I'm fairly new to C++ and I'm experiencing some strange behaviour from a percentage increase method I am writing for some image editing software.
What I want to do is give the R G or B value of the current pixel and divide it by some modifier, then multiply it by the new value to return the percentage increase, fairly easy concept.
However, whenever I run my debugger, the return value is always 0, I thought this may be because I was trying to do operations which give negative numbers on an integer (or maybe a divide by zero could occur?), so I tried to use a double to store the output of the computation, however I've had no luck.
The code I'm struggling with is below:
int Sliders::getPercentageIncrease(int currPixel, int newValue, int modifier)
{
// calculate return value
double returnVal = (currPixel / modifier) * newValue;
// Check we are returning a positive integer
if(returnVal >= 0)
return (int)returnVal;
// Return a negative integer value
return (int)(0 - returnVal);
}
What am I doing wrong here?
NOTE: I have checked values, of inputs in my debugger and I get stuff like:
currPixel = 30
newValue = 119
modifier = 200
From this I would expect an output of 18 (I am not concerned with returning decimal figures)

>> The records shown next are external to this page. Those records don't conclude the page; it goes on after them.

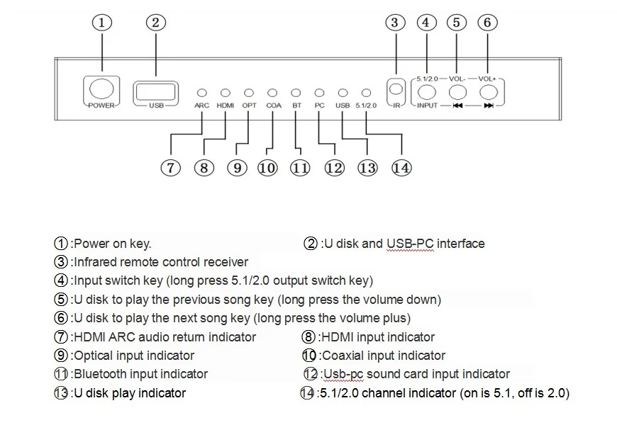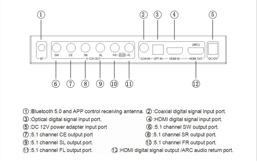1. Поддерживает один цифровой коаксиальный вход, один цифровой оптический волоконный вход, один HDMI вход, один ARC аудио вход возврата, один Bluetooth 5,0 вход, один способ воспроизведения USB вход и USB компьютер звуковой карты вход. Различные источники сигнала могут свободно переключаться.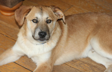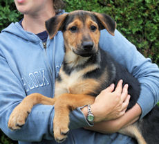 Evan is an adorable 4 month old male Shepherd/Lab/Husky Mix puppy. He is about 30lbs and very good natured. He fits in easily and is friendly with all - people, dogs and cats too. He is housebroken and when he looks at you with those big brown eyes, he melts your heart. He loves exploring on his walks, loves to play with his toys yet is mellow and calm - and a real snuggler too. He is a joy to have around and will make a wonderful addition to any family!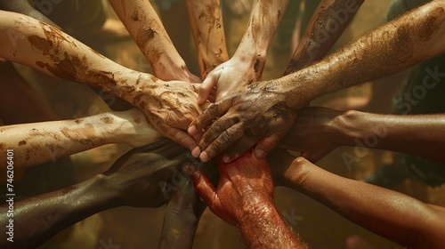 A group of diverse hands come together in a symbol of unity and solidarity, as the first rays of dawn cast a warm golden light upon their bond

Your current calculation only involves integers and so will be affected by integer division (which truncates the result to the nearest integer value).
(currPixel / modifier) * newValue
| |
---------------integer division e.g. 10/3 = 3, not 3.333
The result is then cast to double, but the accuracy is lost before this point.
Consider the following:
#include <iostream>
using namespace std;
int main() {
int val1 = 10;
int val2 = 7;
int val3 = 9;
double outval1 = (val1 / val2) * val3;
double outval2 = ((double)val1 / val2) * val3;
cout << "without cast: " << outval1 << "\nwith cast: "<< outval2 << std::endl;
return 0;
}
The output of this is:
without cast: 9
with cast: 12.8571
Note that the cast has to be applied in the right place:
(double)(val1 / val2) * val3 == 9.0 //casts result of (val1/val2) after integer division
(val1 / val2) * (double)val3 == 9.0 //promotes result of (val1/val2) after integer division
((double)val1 / val2) * val3 == 12.8571 //promotes val2 before division
(val1 / (double)val2) * val3 == 12.8571 //promotes val1 before division
Due to promotion of the other operands, if in doubt you can just cast everything and the resulting code will be the same:
((double)val1 / (double)val2) * (double)val3 == 12.8571
It is a little more verbose though.